■ **What you should do**
Word for word, transcribe the data below from the line with "图:欧姆斯达国际击剑运动学院" to the line with "واختتم العويران حديثه", keeping both of those lines.

■ **Entries taken from a collection**
──────────────────────────────

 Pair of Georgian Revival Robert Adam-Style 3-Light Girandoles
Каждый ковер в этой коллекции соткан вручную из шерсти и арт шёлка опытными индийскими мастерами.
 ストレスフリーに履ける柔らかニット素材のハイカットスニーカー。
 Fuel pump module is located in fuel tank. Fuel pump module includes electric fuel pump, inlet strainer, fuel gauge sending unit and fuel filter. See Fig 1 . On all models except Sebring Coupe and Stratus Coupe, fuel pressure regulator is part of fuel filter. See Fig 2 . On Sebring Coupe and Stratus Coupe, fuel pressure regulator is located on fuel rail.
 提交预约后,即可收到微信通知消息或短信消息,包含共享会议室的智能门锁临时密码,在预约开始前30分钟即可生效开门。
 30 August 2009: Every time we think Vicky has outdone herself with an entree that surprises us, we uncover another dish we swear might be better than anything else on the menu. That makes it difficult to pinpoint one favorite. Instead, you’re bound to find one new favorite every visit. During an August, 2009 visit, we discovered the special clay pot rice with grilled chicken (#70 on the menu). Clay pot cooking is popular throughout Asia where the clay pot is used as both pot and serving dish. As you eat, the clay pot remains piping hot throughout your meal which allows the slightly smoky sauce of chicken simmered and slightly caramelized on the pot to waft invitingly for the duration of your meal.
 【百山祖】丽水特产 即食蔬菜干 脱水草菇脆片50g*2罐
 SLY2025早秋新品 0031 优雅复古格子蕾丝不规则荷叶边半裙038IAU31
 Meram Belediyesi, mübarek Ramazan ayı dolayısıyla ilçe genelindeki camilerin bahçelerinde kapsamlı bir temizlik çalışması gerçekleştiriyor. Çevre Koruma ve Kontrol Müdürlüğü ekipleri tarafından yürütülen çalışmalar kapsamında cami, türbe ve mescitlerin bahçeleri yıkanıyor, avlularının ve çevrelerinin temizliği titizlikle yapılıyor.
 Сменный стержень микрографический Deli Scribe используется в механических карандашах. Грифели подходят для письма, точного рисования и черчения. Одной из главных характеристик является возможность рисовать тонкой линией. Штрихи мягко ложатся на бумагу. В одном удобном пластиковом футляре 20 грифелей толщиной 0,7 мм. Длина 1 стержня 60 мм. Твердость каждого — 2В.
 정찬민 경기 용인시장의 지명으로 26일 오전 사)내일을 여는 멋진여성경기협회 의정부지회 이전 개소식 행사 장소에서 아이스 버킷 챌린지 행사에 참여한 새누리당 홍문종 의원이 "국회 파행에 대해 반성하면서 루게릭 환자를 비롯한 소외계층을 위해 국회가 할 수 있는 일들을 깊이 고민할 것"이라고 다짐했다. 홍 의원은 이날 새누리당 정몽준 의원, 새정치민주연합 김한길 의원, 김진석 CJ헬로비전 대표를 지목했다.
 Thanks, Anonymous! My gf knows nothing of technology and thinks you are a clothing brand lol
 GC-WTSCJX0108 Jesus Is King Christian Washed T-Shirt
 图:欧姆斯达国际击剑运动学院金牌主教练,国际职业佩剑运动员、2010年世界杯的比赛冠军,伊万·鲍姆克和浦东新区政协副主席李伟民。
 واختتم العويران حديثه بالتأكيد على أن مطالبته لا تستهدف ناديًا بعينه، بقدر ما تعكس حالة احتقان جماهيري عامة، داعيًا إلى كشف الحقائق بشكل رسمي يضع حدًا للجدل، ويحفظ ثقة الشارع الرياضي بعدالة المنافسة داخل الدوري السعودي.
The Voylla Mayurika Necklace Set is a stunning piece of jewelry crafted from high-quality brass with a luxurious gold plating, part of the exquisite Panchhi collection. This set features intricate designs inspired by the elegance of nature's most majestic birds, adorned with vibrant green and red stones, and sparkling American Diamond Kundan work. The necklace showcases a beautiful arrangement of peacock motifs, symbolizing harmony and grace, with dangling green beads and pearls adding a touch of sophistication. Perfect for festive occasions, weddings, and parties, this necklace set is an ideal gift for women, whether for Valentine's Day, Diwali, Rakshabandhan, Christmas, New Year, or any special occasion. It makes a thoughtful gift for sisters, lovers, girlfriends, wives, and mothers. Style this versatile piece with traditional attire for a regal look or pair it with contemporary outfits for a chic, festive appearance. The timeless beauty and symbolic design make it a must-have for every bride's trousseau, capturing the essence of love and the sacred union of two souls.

──────────────────────────────

■ **Response to the task**
 图:欧姆斯达国际击剑运动学院金牌主教练,国际职业佩剑运动员、2010年世界杯的比赛冠军,伊万·鲍姆克和浦东新区政协副主席李伟民。
 واختتم العويران حديثه بالتأكيد على أن مطالبته لا تستهدف ناديًا بعينه، بقدر ما تعكس حالة احتقان جماهيري عامة، داعيًا إلى كشف الحقائق بشكل رسمي يضع حدًا للجدل، ويحفظ ثقة الشارع الرياضي بعدالة المنافسة داخل الدوري السعودي.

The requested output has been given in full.